Таблица 2. Качественная шкала оценки уровня ущерба

Уровень ущерба Описание
1 Малый Незначительные потери материальных активов, которые быстро восстанавливаются, или незначительные последствия для репутации компании
2 Умеренный Заметные потери материальных активов или умеренные последствия для репутации компании
3 Средней тяжести Существенные потери материальных активов или значительный урон репутации компании
4 Большой Большие потери материальных активов и большой урон репутации компании
5 Критический Критические потери материальных активов или полная потеря репутации компании на рынке, что делает невозможным ее дальнейшую деятельность

Таблица 3. Качественная шкала оценки вероятности проведения атаки

Вероятность атаки Описание
1 Очень низкая Атака практически никогда не будет проведена. Соответствует числовому интервалу вероятности
5 Очень высокая Атака почти наверняка будет проведена.

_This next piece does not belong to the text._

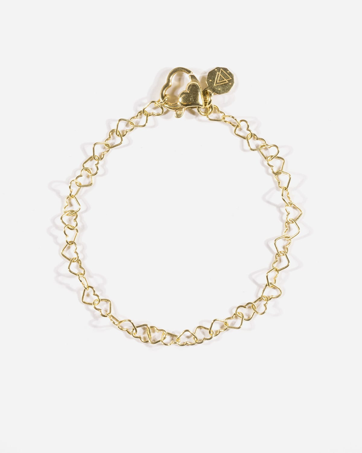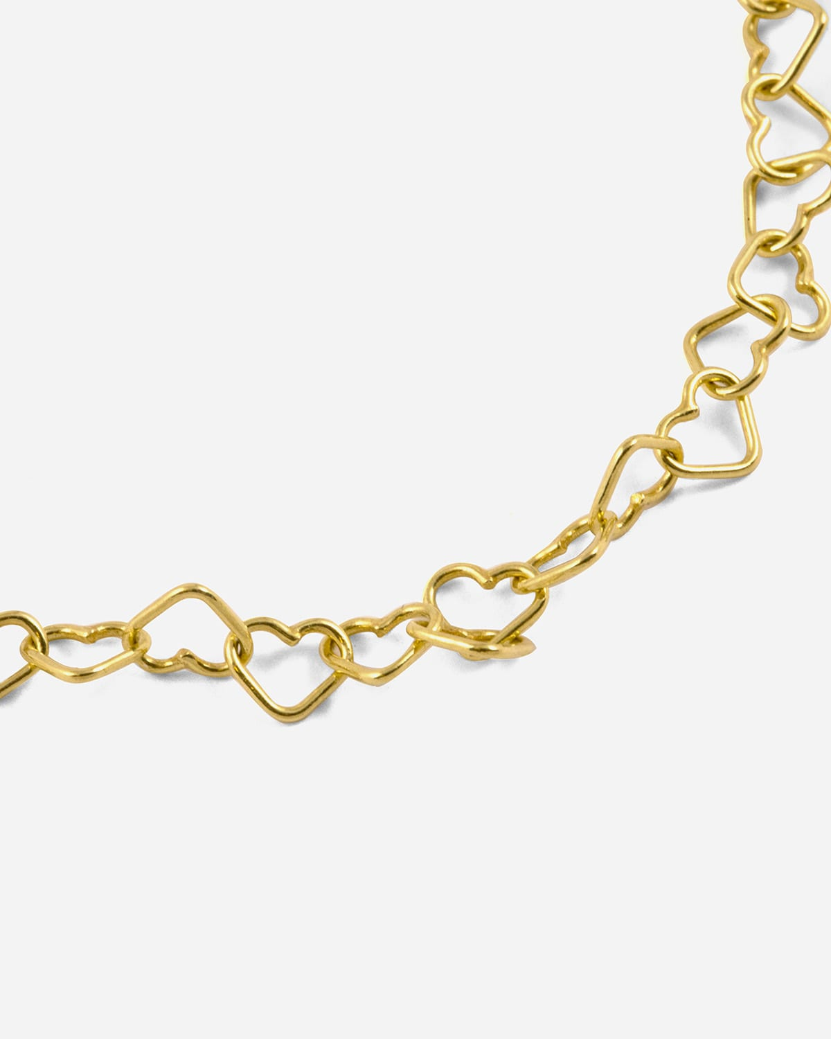 Das Armband Meterware Love aus poliertem Gelbgold zeigt kleine, dünne, ineinander verschlungene Herzen, einen leuchtenden Pfad, der zum Herzanhänger führt, und zum Symbol Nove25.

Соответствует числовому интервалу вероятности (0,75, 1]

Для вычисления уровня риска по качественным шкалам применяются специальные таблицы, в которых в первом столбце задаются понятийные уровни ущерба, а в первой строке - уровни вероятности атаки. Ячейки же таблицы, расположенные на пересечении соответствующих строк и столбцов, содержат уровень риска безопасности (табл. 4). Размерность таблицы зависит от количества концептуальных уровней вероятности атаки и ущерба.

Таблица 4. Определение уровня риска информационной безопасности по качественной шкале

Вероятность атаки
Ущерб очень низкая низкая средняя высокая очень высокая
Малый Низкий риск Низкий риск Низкий риск Средний риск Средний риск
Умеренный Низкий риск Низкий риск Средний риск Средний риск Высокий риск
Средней тяжести Низкий риск Средний риск Средний риск Средний риск Высокий риск
Большой Средний риск Средний риск Средний риск Средний риск Высокий риск
Критический Средний риск Высокий риск Высокий риск Высокий риск Высокий риск

При расчете значений вероятности атаки, а также уровня возможного ущерба используют статистические методы, экспертные оценки или элементы теории принятия решений. Статистические методы предполагают анализ уже накопленных данных о реально случавшихся инцидентах, связанных с нарушением информационной безопасности. На основе результатов такого анализа строятся предположения о вероятности проведения атак и уровнях ущерба от них в других ИС. Однако статистические методы не всегда удается применить из-за недостатка статистических данных о ранее проведенных атаках на ресурсы ИС, аналогичной той, которая выступает в качестве объекта оценки.

При использовании аппарата экспертных оценок анализируются результаты работы группы экспертов, компетентных в области информационной безопасности, которые на основе имеющегося у них опыта определяют количественные или качественные уровни риска. Элементы теории принятия решений позволяют применять для вычисления значения риска безопасности более сложные алгоритмы обработки результатов работы группы экспертов.

Существуют специализированные программные комплексы, позволяющие автоматизировать процесс анализа исходных данных и расчета значений рисков при аудите безопасности. Примеры таких комплексов - "Гриф" и "Кондор" компании Digital Security, а также "АванГард", разработанный в Институте системного анализа РАН.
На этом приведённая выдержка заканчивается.